I attended the 2017 edition of the ILTM Conference in Cannes. Over the course of the program, I sought out numerous hoteliers and hospitality experts to discover the latest emerging themes and challenges in the luxury hotel industry.

One theme that has fascinated me over the years is the subject of digital technology. It is a controversial term in the luxury hotel universe, which has traditionally centered around human touch and would thus ostensibly resist the digitalization of the unique service that defines luxury hospitality.

During the show, I was eager to discover how different brands chose to approach the issue of digital technology. I was lucky to run into Filip Boyen, when he was the CEO of Small Luxury Hotels of the World, one of the hospitality leader with whom I have previously discussed the art of welcoming in his hotels. Filip keyed me in on his group’s approach to digital technology in everything from marketing to the guest experience.

How do you involve digital technology in the promotion of your hotels?

Digital is fantastic. It is very important for the hospitality business to understand what digital can do in function of increasing personalized service. Social media is extremely important, especially for the millennials, because certain channels such as Instagram capture how they communicate. That’s how they explore destinations and find out the visual aspect of where they want to go, and that’s why they are attracted.

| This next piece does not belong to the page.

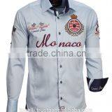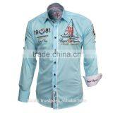 High Quality Wholesale Long Sleeve Satin Pure Cotton Light Blue Nautical Shirts for Men

Of course, on Instagram, the importance is on the level of photography that you put on there. If you don’t do that, don’t waste your time. On Facebook, we’re starting to get some bookings through the platform. On Instagram, we have the highest level of following amongst all our competitors, so we have more than Leading Hotels, more than Preferred, more than Relais & Châteaux. We have a 25-year-old girl named Abby in London who is a master at Instagram.

We also do blogger events, and inferences are extremely important. This year we did London, New York, Hong Kong, and Paris. We did 4 big bloggers events, where we invite 5-6 bloggers with great followers, and we bring them to all of our hotels. We did breakfast in one of our hotels, then we go to another hotel for morning coffee, visit the hotel, do lunch in another hotel, afternoon tea in another hotel, drinks in another hotel, and then dinner in another hotel. It’s a very intense program. We saw that in two days, we reached 450,000 people with the posts of those bloggers.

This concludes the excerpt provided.